Definition
Indirect Normativity is a motivation selection method that involves specifying a process for deriving values rather than the values themselves. Instead of coding “happiness,” we code a meta-goal for the AI to discover what we would want it to do if we were smarter and had more time to think.
Why It Matters
Directly telling a superintelligent AI what to do is like a toddler trying to give directions to a jet pilot—it’s likely to end in a catastrophic misunderstanding of the “spirit” of the request. Indirect normativity is our best hope for AI alignment because it doesn’t rely on us being smart enough to define perfect values; it relies on the AI being smart enough to understand what we would have wanted if we were at our best.
Core Concepts
- Extrapolated Volition: The AI’s final goal is defined as “that which we would have wished the AI to achieve if we had thought about the matter long and hard.”

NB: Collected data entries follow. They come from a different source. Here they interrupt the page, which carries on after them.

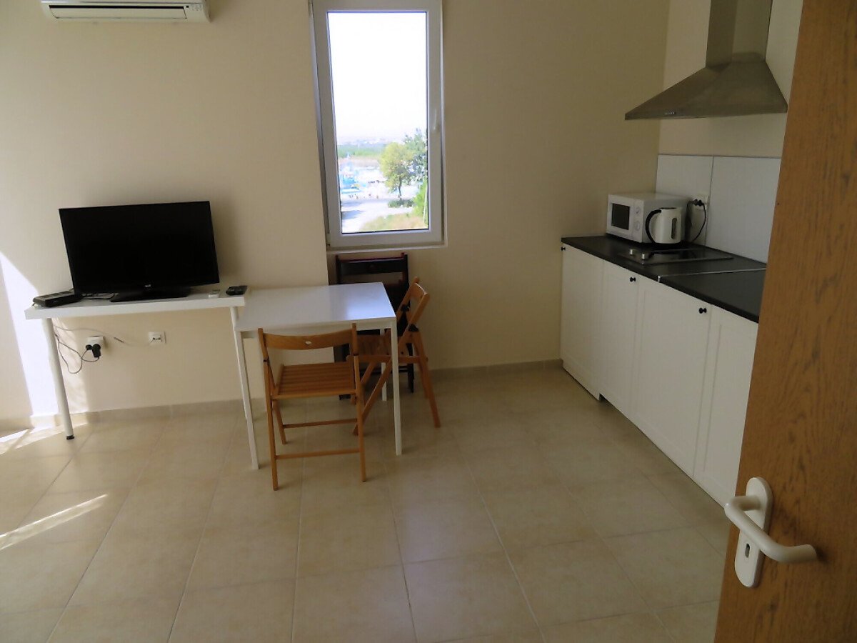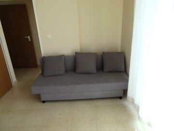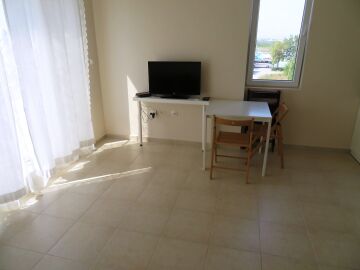 Апартаментът е двустаен, площта му е 62,17 кв.м и се предлага напълно обзаведен. Състои се от дневна с кухня, една спалня, баня с тоалетна и разкошна просторна тераса, на която можете да правите слънчеви бани.
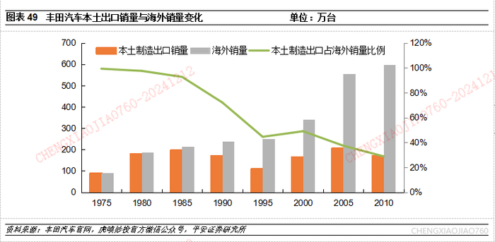 整车出口阶段:20世纪70年代的石油危机为丰田汽车的出海创造了机遇,丰田汽车凭借小排量、低油耗的优势占领北美市场,在这一阶段,丰田汽车的出海主要以国内制造,海外出口为主。
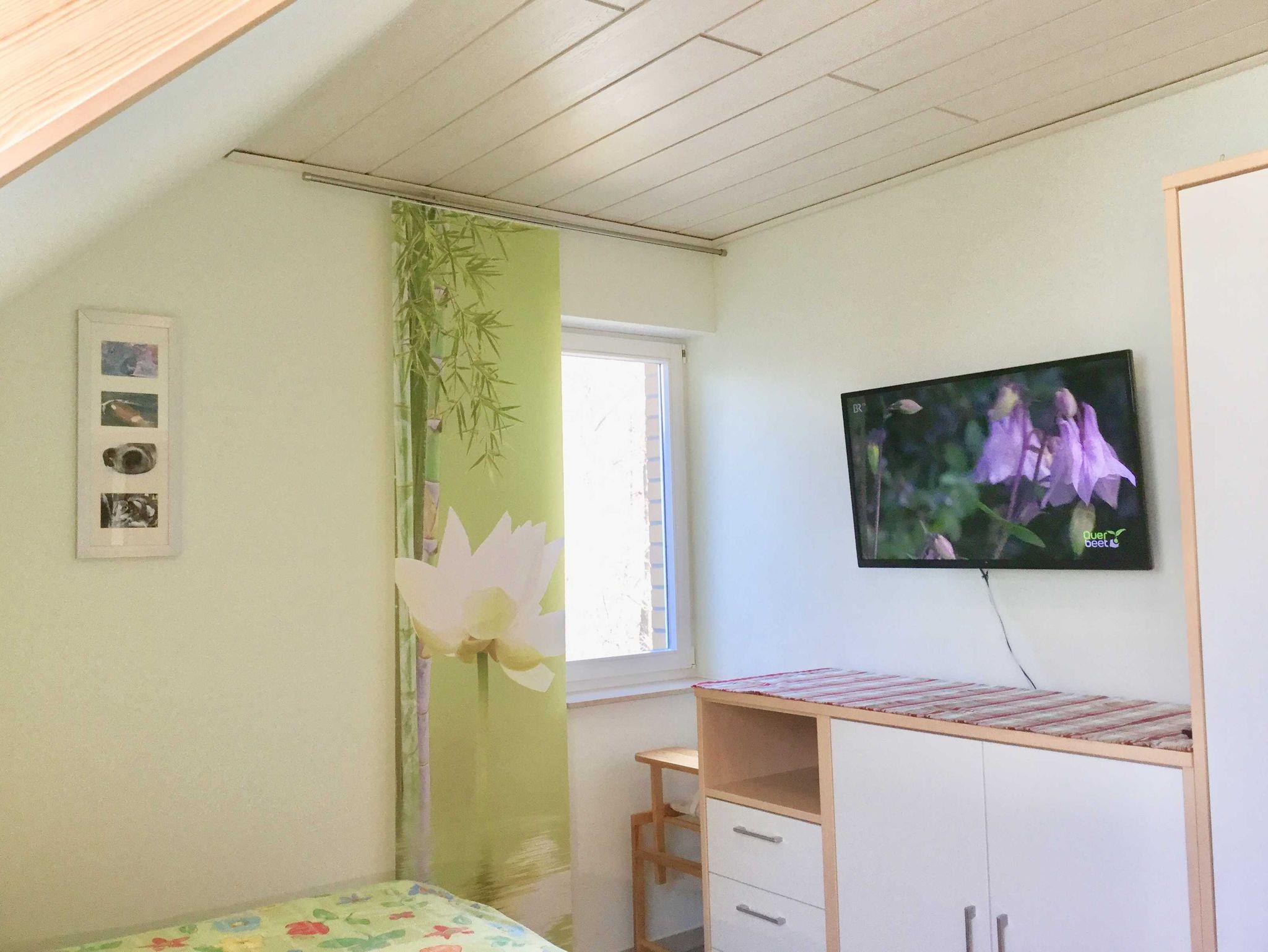 Die 2-Raum-Ferienwohnung (ca. 44 qm) befindet sich im Dachgeschoss. Sie hat ein separates Schlafzimmer, einen offenen Wohn- und Küchenbereich und Dusche/WC. Zur Ausstattung gehören LED-Flachbildschirm mit Radio und kostenfreiem WLAN. Im Schlafzimmer steht ein Doppelbett und ein Babybett kann hinzugestellt werden. Im Wohnbereich ist eine Aufbettung (Doppelbettcouch) für 2 Personen möglich.
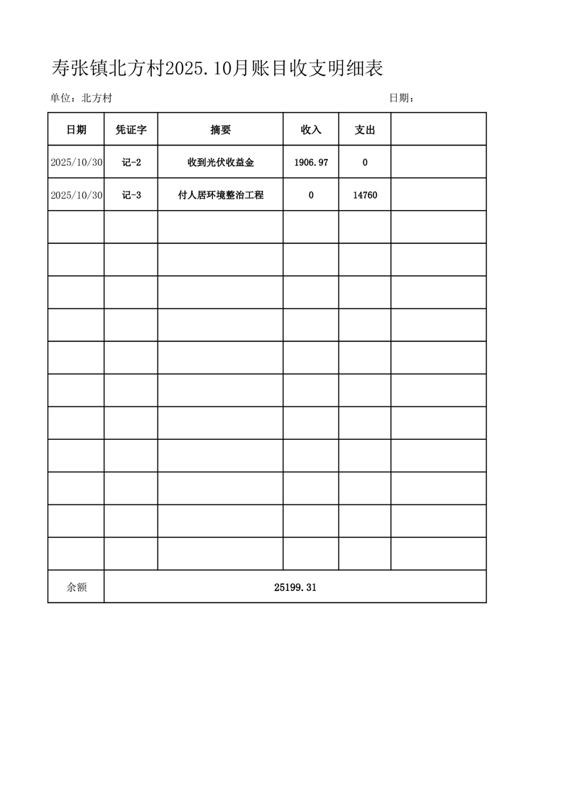 寿张镇北方村2025.10月账目收支明细表
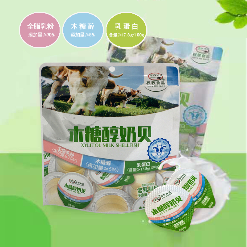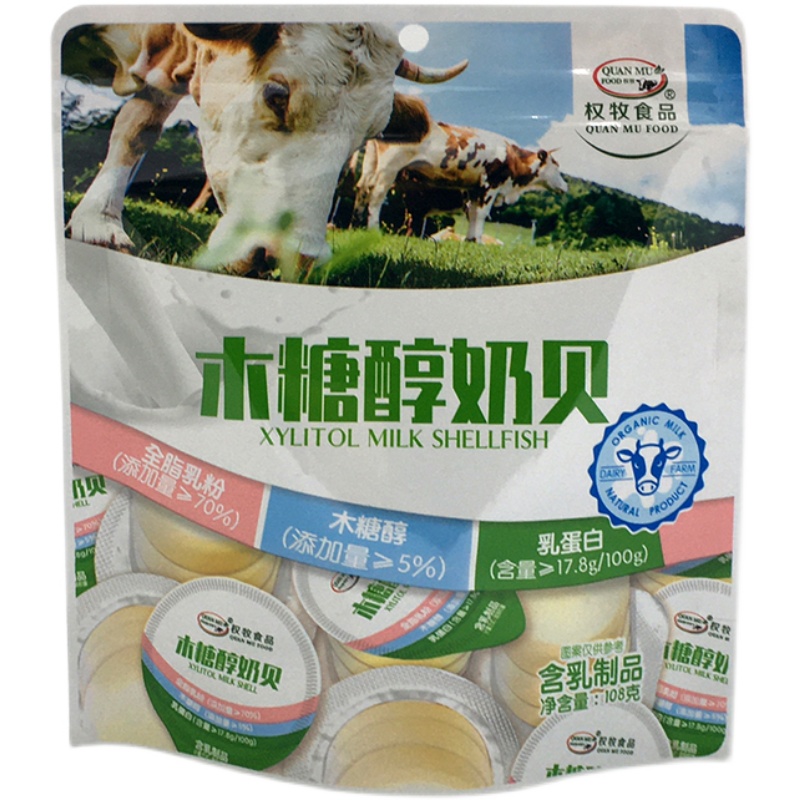 Inner Mongolia special product Quan Mu probiotic AD calcium xylitol milk shellfish 108g children's snacks dry milk tablets small package
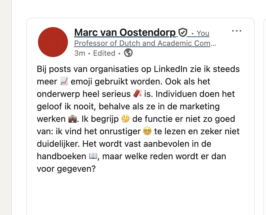 Het vereist een zeker vernuft om wat er gezegd wordt samen te vatten in een emoji. Ik weet niet zeker of het er echt duideliker voor wordt. ik lees een aankondiging als die hierboven te snel om het loepje te associëren met ‘reflectie’. Ik vermoed dat het vooral gaat om het visuele aspect. Dat in eerste instantie iemand heeft bedacht dat het er zo echt jong of toegankelijk uitziet, en dat het inmiddels tot de handboeken is gaan horen van hoe je zoiets moet doen op LinkedIn. (Op de site waarop Neerlandistiek draait, kun je niet eens zulke emoji gebruiken, ik krijg allemaal foutmeldingen als ik het probeer.)
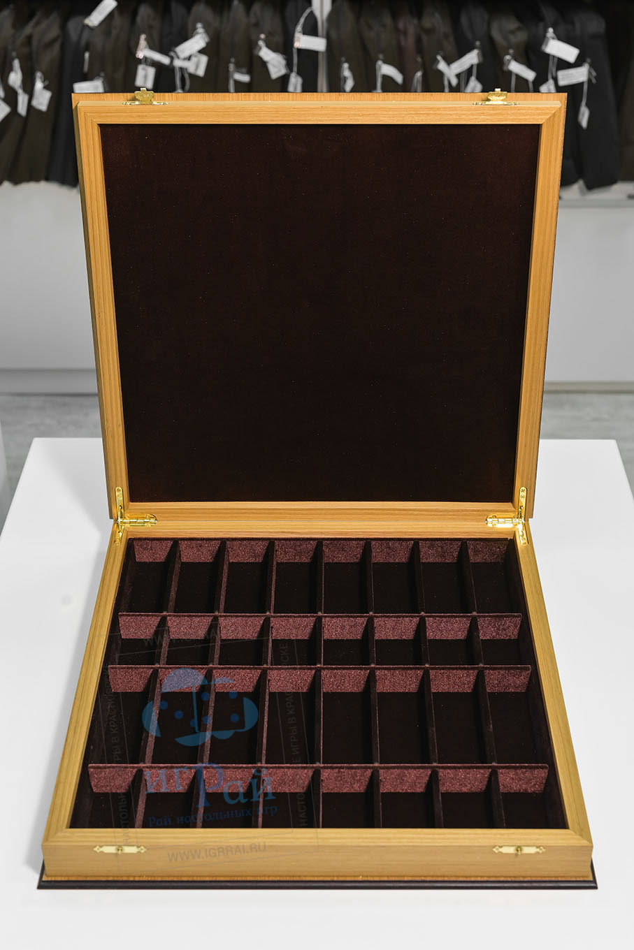 Хотите уникальную шахматную доску? Тогда вашему вниманию шахматный ларец размером 45х45 см. Элегантный и удобный, с ячейками под фигуры, каждая из которых обита бархатом. А снаружи, на откидывающейся крышке изображено игровое поле. Оно сделано по методу шпонирования. Всё выглядит качественно и чётко. Такой ларец отлично подойдёт для домашних игр или для определённых месть. Займёт не так уж много места, но станет отличным дополнением к интерьеру.
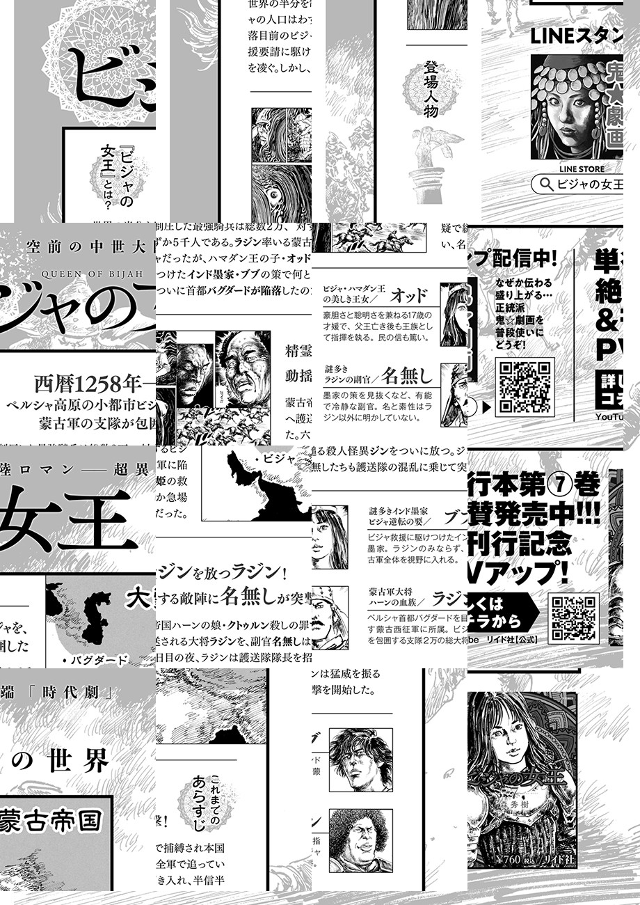 西暦1258年、 ペルシャ高原の小都市ビジャを、蒙古軍の支隊が包囲した。 世界の半分を制圧した最強騎兵は総数2万、 対するビジャの人口はわずか5千人である。 陥落は誰の目にも明らかだった———…。 モンゴル帝国によるペルシャ侵攻と、 大きな歴史のうねりの中で必死に抵抗する 小都市国家「ビジャ」を巡る攻防を描く。 さらに謎の集団「インド墨家」をも巻き込み、 繰り広げられるのは劇画史上最も異端な「時代劇」!!

- Offloading Cognitive Work: This approach uses the AI’s own superintelligence to solve the difficult philosophical and technical problem of value definition.
- Bootstrapping Values: The AI starts with a minimal “meta-standard” and uses its research and analytical powers to “fill in the blanks” of human morality.
- Adaptability: Indirect normativity is more robust to changing circumstances than direct specification, as the derived values can evolve with the system’s understanding of the world.
- Coherent Extrapolated Volition (CEV): A specific proposal by Eliezer Yudkowsky to aggregate the “volition” of all humanity into a single coherent goal system.